• **ACTION ITEM**
Output every line of the material exactly, omitting images.

• **DATA SHOWN**
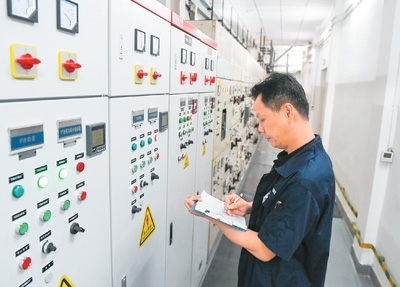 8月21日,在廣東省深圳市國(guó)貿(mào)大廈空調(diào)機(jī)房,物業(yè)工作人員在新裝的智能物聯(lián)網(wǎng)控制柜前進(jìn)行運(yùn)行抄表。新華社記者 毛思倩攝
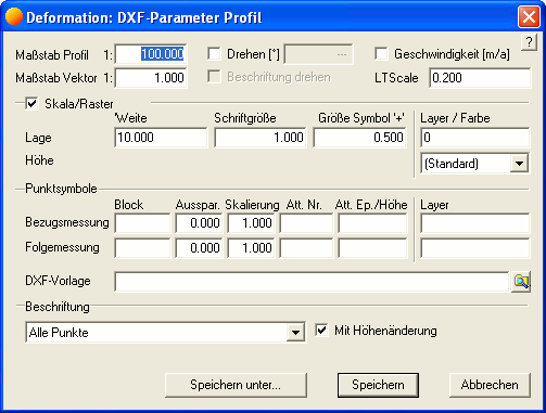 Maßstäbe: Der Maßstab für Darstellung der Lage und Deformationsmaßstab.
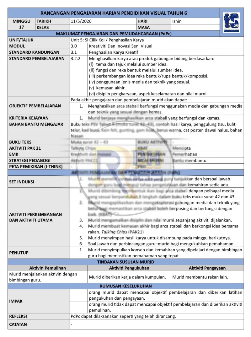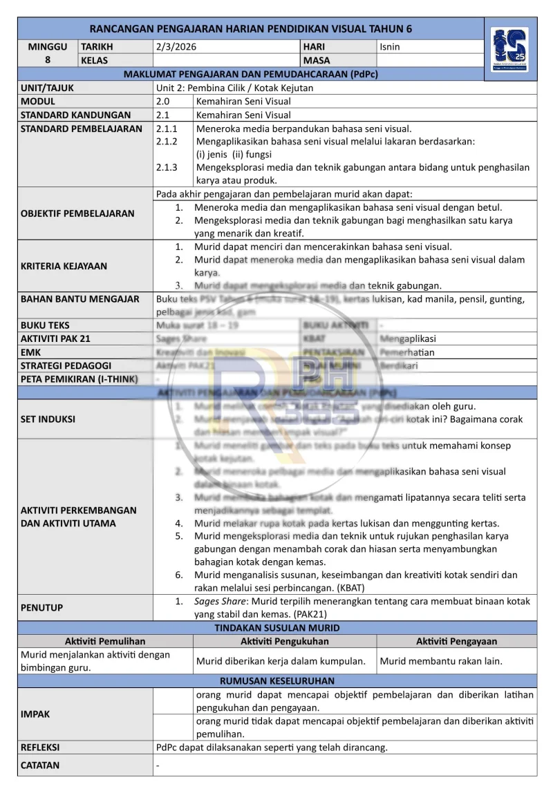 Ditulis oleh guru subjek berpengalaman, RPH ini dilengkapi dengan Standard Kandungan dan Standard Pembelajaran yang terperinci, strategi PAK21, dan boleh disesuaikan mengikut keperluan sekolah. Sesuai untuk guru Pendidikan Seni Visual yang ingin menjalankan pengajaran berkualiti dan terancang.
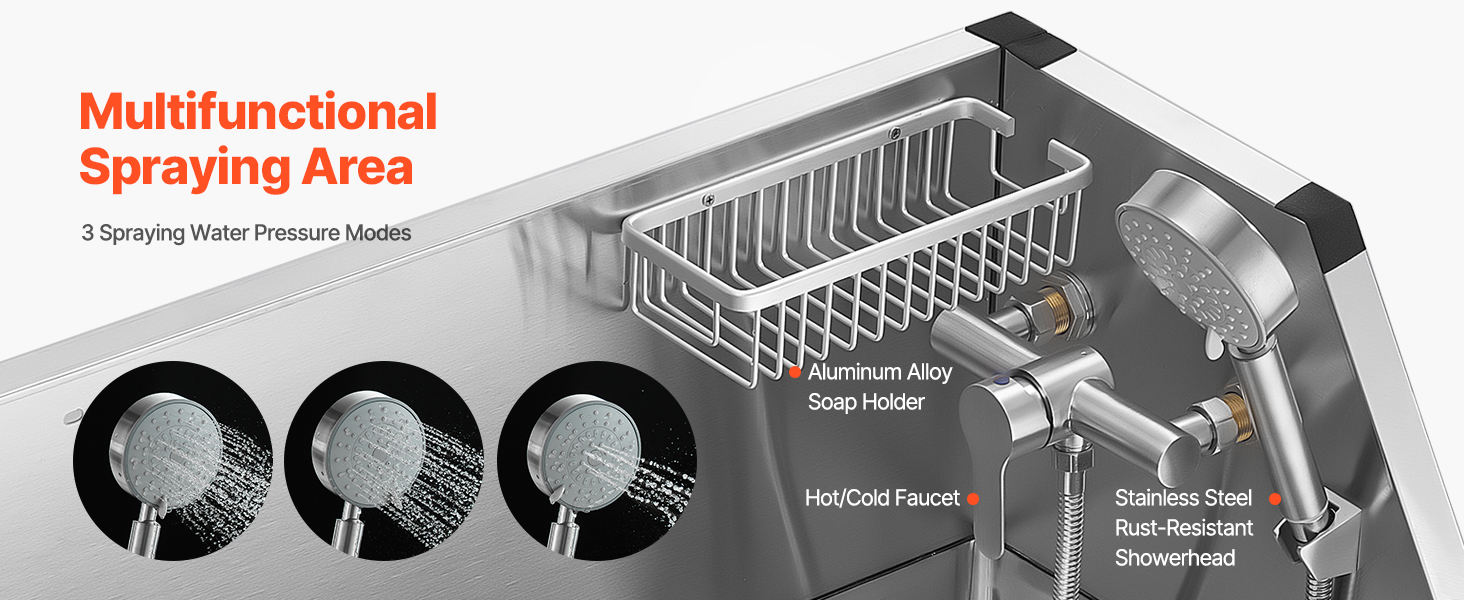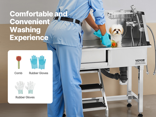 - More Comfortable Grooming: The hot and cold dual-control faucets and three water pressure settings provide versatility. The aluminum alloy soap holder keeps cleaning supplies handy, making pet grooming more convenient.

• **TASK SOLUTION**
 8月21日,在廣東省深圳市國(guó)貿(mào)大廈空調(diào)機(jī)房,物業(yè)工作人員在新裝的智能物聯(lián)網(wǎng)控制柜前進(jìn)行運(yùn)行抄表。新華社記者 毛思倩攝
 Maßstäbe: Der Maßstab für Darstellung der Lage und Deformationsmaßstab.
 Ditulis oleh guru subjek berpengalaman, RPH ini dilengkapi dengan Standard Kandungan dan Standard Pembelajaran yang terperinci, strategi PAK21, dan boleh disesuaikan mengikut keperluan sekolah. Sesuai untuk guru Pendidikan Seni Visual yang ingin menjalankan pengajaran berkualiti dan terancang.
 - More Comfortable Grooming: The hot and cold dual-control faucets and three water pressure settings provide versatility. The aluminum alloy soap holder keeps cleaning supplies handy, making pet grooming more convenient.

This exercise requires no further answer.